Later I went to the Help section under "another issue with my fare" (or something) and requested that the Trip not be classified as XL, because I didn't feel it was right. The response I got was absolutely head-slapping. It was clearly automated and said something like "please explain the nature of your issue". I am losing the motivation to do the right thing and I think I'll just be more careful about accepting UberXL requests, and Cancel - Do Not Chare Rider those which I accept by accident.

I suppose Uber support personnel are too busy addressing actual issues on the East and West coasts to worry about us Hicks in flyover country....Lol.


----------



## Jimmy Bernat (Apr 12, 2016)

Why take XL off and leave extra money off the table ??
In a month of driving with XL I have yet to have someone with more then 4 pax , most are 3 or 4 people with a good amount of luggage . Or a lot of time people order an XL just for the extra space and the fact that it's not that much more on a minimum fare ride .

My Explorer only seats 6 also since it has captain chairs on the second row , no issue ever . I was calling each XL request to verify the number of PAX but now I don't worry about it , especially after talking to other XL drivers who work the day shifts and say they never get 6pax . Now I only call if the pickup is over 5 minutes away .

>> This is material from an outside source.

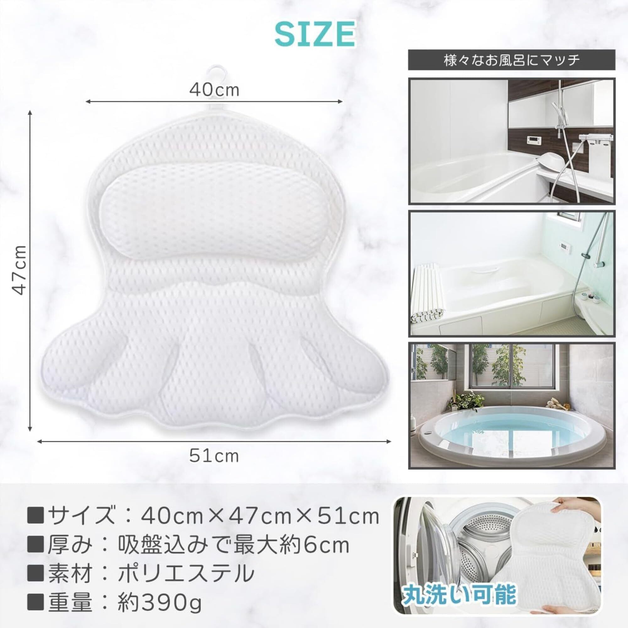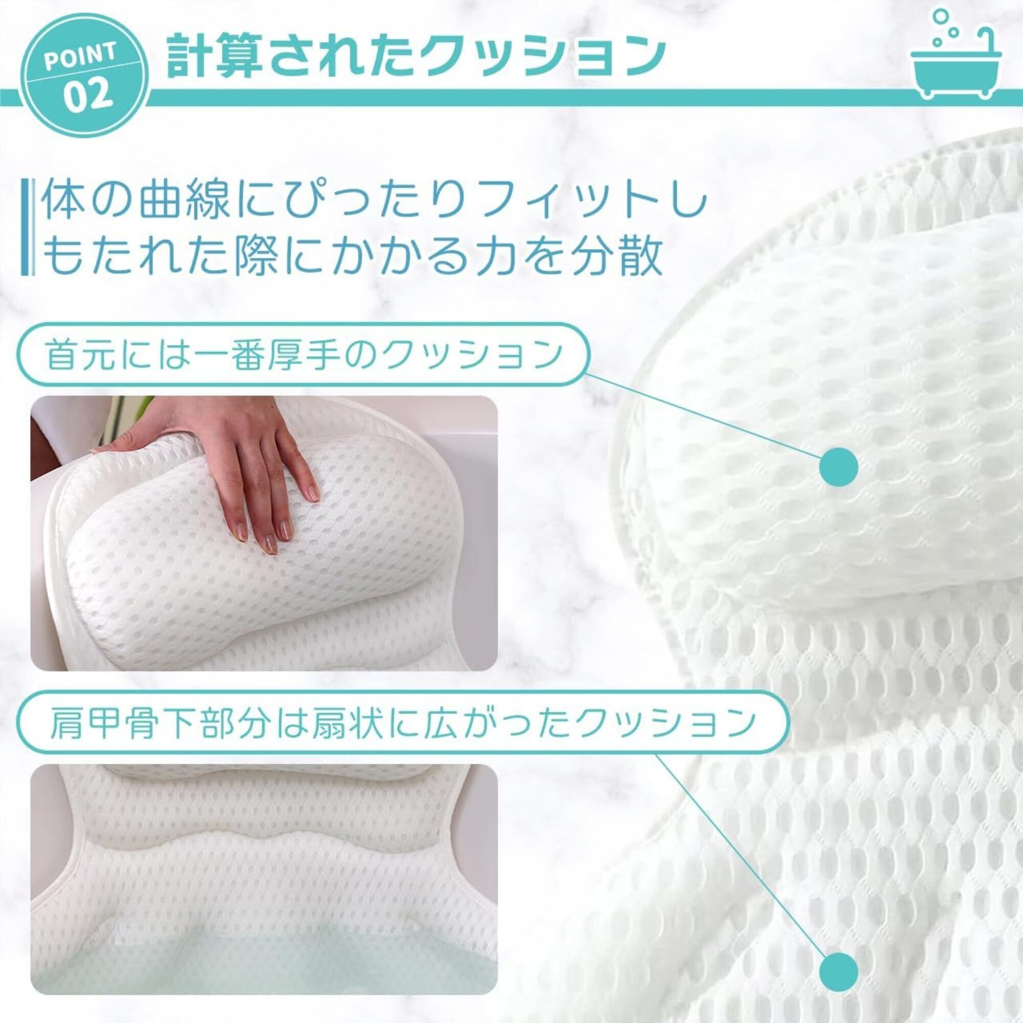 【滑り止め吸盤で安心】強力な吸盤がしっかりと浴槽に固定され、滑りを防止。頭や首、肩をしっかりと支え、安心してリラックスできます。まるで本物の枕のような質感で、極上のくつろぎをお届けします。

Like I said I wouldn't worry about it just call each ride or if you get there and there are 6 just apologize and cancel with "don't charge the rider"


----------



## MadTownUberD (Mar 11, 2017)

Thanks for the advice man I appreciate it. I did in fact get the fare adjusted downwards because in this particular instance they did have 6 people and I believe in doing the right thing. Maybe next time I will accept the ping and then call ahead as you suggested. Thanks again


----------



## Jimmy Bernat (Apr 12, 2016)

MadTownUberD said:


> Thanks for the advice man I appreciate it. I did in fact get the fare adjusted downwards because in this particular instance they did have 6 people and I believe in doing the right thing. Maybe next time I will accept the ping and then call ahead as you suggested. Thanks again


Yeah I agree they shouldn't have to pay xl in that situation . Not sure about your market but XL in my market is basically double the price . So the call is worth it


----------



## MadTownUberD (Mar 11, 2017)

Yes it's roughly double here as well; that's why I felt badly about it. Uber thanked me for looking out for my rider... for what that's worth.


----------



## Adieu (Feb 21, 2016)

Huh.... I get various attempts to overload me daily


----------



## Jimmy Bernat (Apr 12, 2016)

Adieu said:


> Huh.... I get various attempts to overload me daily


I guess it's all in the market and the times you drive. I imagine if I worked nights or bar hours I'd get a lot of that but since I only work the day and off the road by usually noon , 3pm at the latest . I don't get it much


----------